Chelsea’s past four matches since a 0-0 draw at Manchester United: a 4-0 win at Krasnodar, 3-0 home wins over Burnley and Rennes, and a 4-1 win over Sheffield United. They’re only three points off of the top of the table. New additions Timo Werner (five goals, one assist) and Hakim Ziyech (two goals, three assists, nine chances created) and Ben Chilwell (one goal, three chances) shined in this stretch, too, and they get Newcastle United and reeling Leeds and Everton among their next four league matches. We could be talking about them as leaders soon.
The ESPN FC pundits gauge Jose Mourinho’s success so far at Tottenham.
Leicester City. We should probably acknowledge the leaders, yeah? Leicester were one of the stories of the early season last year, holding onto second place into January before fading and barely missing the Champions League. Well, this year the Foxes are four points ahead of last year’s pace through eight matches, and they’ve reinvented themselves a bit in the absence of vital defensive midfielder Wilfred Ndidi.
Manager Brendan Rodgers has eased significantly off when it comes to defensive pressure and is slowing the tempo down, but Leicester are still winning at a high level. They are finishing fewer possessions in the attacking third than their opponents, which will likely cause regression at some point, but when Ndidi returns Rodgers might open things up more, too.
Tottenham Hotspur. Spurs might have the most complete statistical profile at the moment. They are third in goals scored per match, second in goals allowed, tied for second in goal differential, second in xG differential and first in first-60-minutes goal differential. Regression factors don’t hoist up any massive red flags, either.
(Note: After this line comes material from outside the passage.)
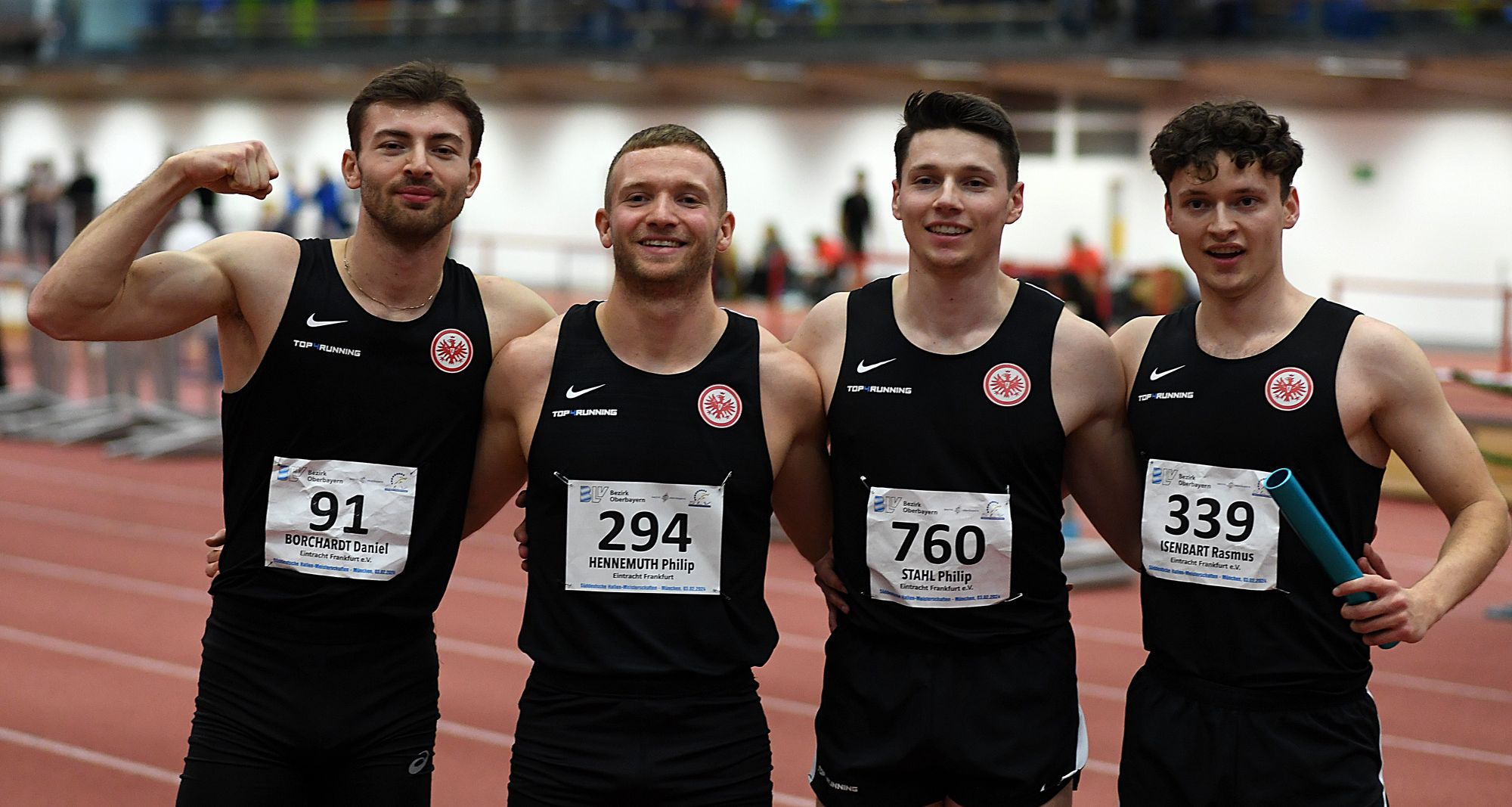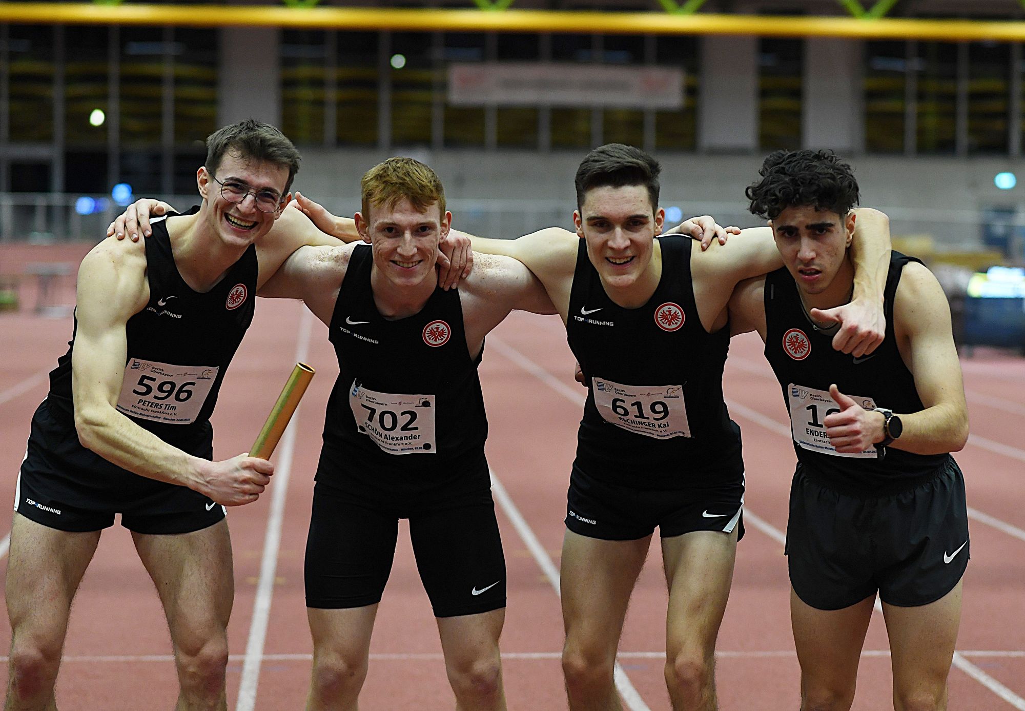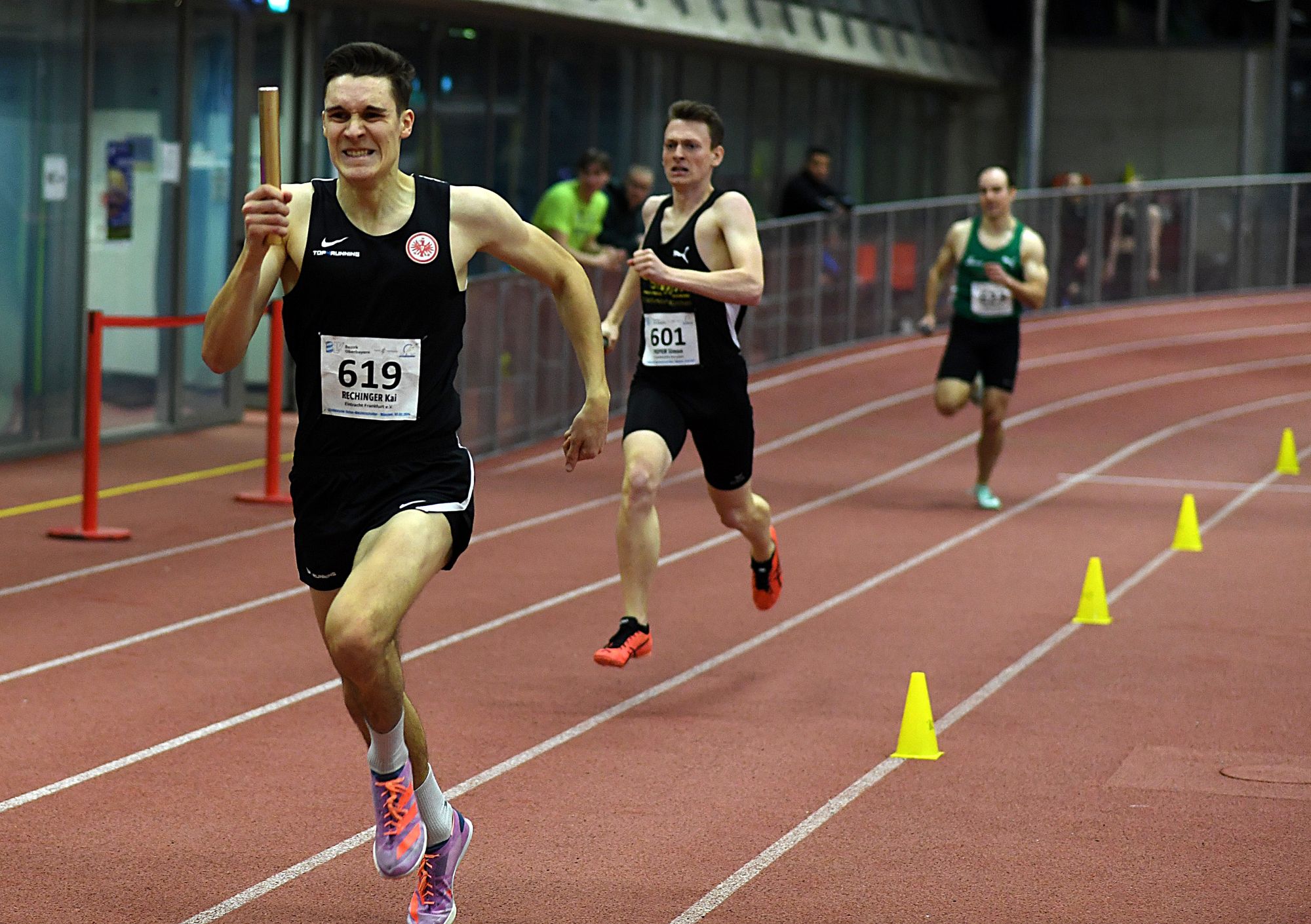Nach den 4x200 Metern standen gleich zwei hessische Teams auf dem Treppchen. Hinter der LG Region Karlsruhe (1:27,75 min.) konnte das Eintracht-Quartett (Daniel Borchardt, Philip Hennemuth, Philip Stahl, Rasmus Isenbart) Silber in Empfang nehmen. Für die Truppe der LG OVAG Fredberg-Fauerbach (Steven Müller, Lars Hieronymi, Manuel Christof, Tim Dillemuth) gab es nach 1:29,84 Minuten die Bronzemedaille. Bei den 4x400 Metern sahen die Zuschauer einen Heimsieg der LG Stadtwerke München (3:24,19 min.) vor der Startgemeinschaft Gomaringen/Pliezhausen (3:24,69 min.). Das Eintracht-Team (Tim Peters, Alexander Schön, Kai Rechinger, Yanik Can Enders) durfte nach 3:24,76 Minuten auf die dritte Stufe des „Stockerls“. Marc Tortell (Athletics Team Karben) machte als Schlussläufer über 3x1000 Meter seine zweite SDM-Medaille an diesem Wochenende klar. Zum Bronze-Trio (7:38,05 min.) gehörten noch Ayoub Jaafar sowie Nour Harouch. Im Dreisprung kann Sebastian Spinler (LG Seligenstadt) nach einen Satz auf 14,35 Meter (4.) mit dem DM-Start planen.

Spurs have been glitchy at times, needing late goals to get by Burnley and West Brom along with a shocking loss to Royal Antwerp in the Europa League, but they have been as stable as anyone, and we haven’t yet seen the full effects of late-transfer-window acquisitions like Gareth Bale or Carlos Vinicius. In the preseason I considered them, at worst, a serious contender for a Champions League bid, and at the moment they might have a legit case for a run at a bigger prize.